What connected those efforts was not a shared sector or program model. It was a shared pressure. Leaders needed to know whether their work was making a difference, and they needed evidence to help them decide what to do next in service of better outcomes for those they served.
That pressure often manifests as a pursuit of a rigorous third-party evaluation. It is a reasonable request. Boards and funders want evidence. Teams want to know whether the work they do each day is having the effect they hope for. While true, Strategic Evidence Planning has taught me that the most useful evidence rarely begins with the study itself. It begins with the opportunities that better evidence unlocks: clarity about the decisions ahead, a model ready to be learned from, an honest understanding of what participants would experience otherwise, the people and systems to carry the work, and a culture that can use evidence without turning it into blame. The contexts vary, but the pattern is remarkably consistent: good evidence building is not a single evaluation decision. It is a journey.

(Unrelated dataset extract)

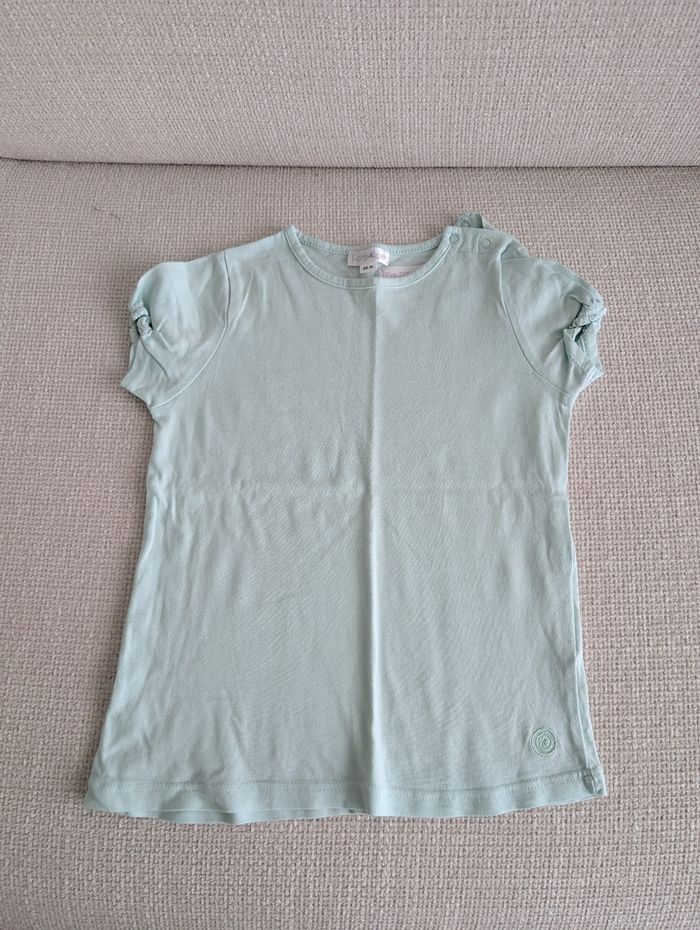 T-shirt bleu vert clair kimbalo Taille 36 mois Porté quelques fois en très bon état Pas de défauts a noté juste étiquette au nom de ma fille

Evidence Starts With Decisions, Not Measurement
Measurement is easy to overproduce. Useful learning is harder. One of the most important shifts in our work is moving the first question from ‘What should we measure?’ to ‘What decisions are we trying to make, and what information would help us make them better?’
That shift might sound small, but it changes the work. It keeps resource-constrained organizations from building data systems around information no one has the time, authority, or appetite to use. The goal is not to ask them to collect more data, but to help them collect the data that will matter.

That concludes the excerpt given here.